Boyle's Law states that when a sample of gas is compressed at a constant temperature, the pressure  ${\displaystyle P}$  and volume  ${\displaystyle V}$  satisfy the equation  ${\displaystyle PV=C}$  where  ${\displaystyle C}$  is a constant.

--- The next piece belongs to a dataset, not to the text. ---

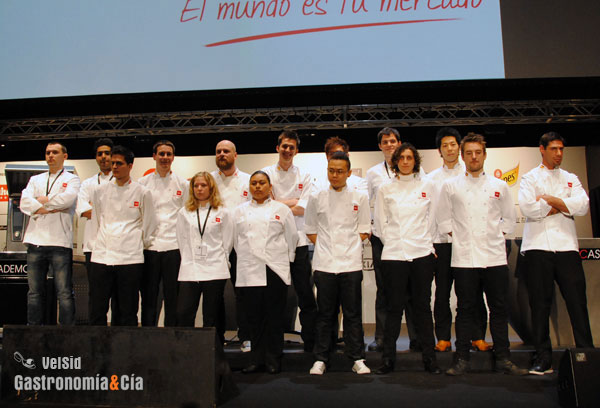 Sobre estas líneas podéis ver a los 15 jóvenes cocineros que conocimos en Madrid Fusión y que han sido seleccionados para cubrir las 15 plazas del programa de Formación de Jóvenes Profesionales en Gastronomía Española 2012, jóvenes procedentes de Europa (Alemania, Dinamarca, Reino Unido, Rusia, Suiza), de América (Brasil, Canadá, Estados Unidos, México) y de Asia y Oceanía (Australia, China, India, Japón y Singapur). El programa cumple su quinta edición y está organizado por el ICEX (Instituto Español de Comercio Exterior), el objetivo es que los profesionales procedentes de otros países se familiaricen con los productos y la cocina española creando poco a poco una red que internacionalice la gastronomía de nuestro país y difunda la imagen de España.

Suppose that at a certain instant, the volume is  ${\displaystyle 600{\text{ cm}}^{3},}$  the pressure is  ${\displaystyle 150{\text{ kPa}},}$  and the pressure is increasing at a rate of  ${\displaystyle 20{\text{ kPa/min}}.}$  At what rate is the volume decreasing at this instant?

Foundations:
Product Rule
${\displaystyle {\frac {d}{dx}}(f(x)g(x))=f(x)g'(x)+f'(x)g(x)}$

Solution:

Step 1:
First, we take the derivative of the equation  ${\displaystyle PV=C.}$
Using the product rule, we get
${\displaystyle P'V+PV'=C'.}$
Since  ${\displaystyle C}$  is a constant,
${\displaystyle C'=0.}$
Therefore, we have
${\displaystyle P'V+PV'=0.}$
Step 2:
Solving for  ${\displaystyle V',}$  we get
${\displaystyle V'={\frac {-P'V}{P}}.}$
Using the information provided in the problem, we have
${\displaystyle V=600{\text{ cm}}^{3},~P=150{\text{ kPa}},~P'=20{\text{ kPa/min}}.}$
Hence, we get

${\displaystyle {\begin{array}{rcl}\displaystyle {V'}&=&\displaystyle {{\frac {-(20)(600)}{150}}{\text{ cm}}^{3}{\text{/min}}}\\&&\\&=&\displaystyle {-80{\text{ cm}}^{3}{\text{/min}}.}\end{array}}}$

Therefore, the volume is decreasing at a rate of  ${\displaystyle 80{\text{ cm}}^{3}{\text{/min}}}$  at this instant.

The volume is decreasing at a rate of  ${\displaystyle 80{\text{ cm}}^{3}{\text{/min}}}$  at this instant.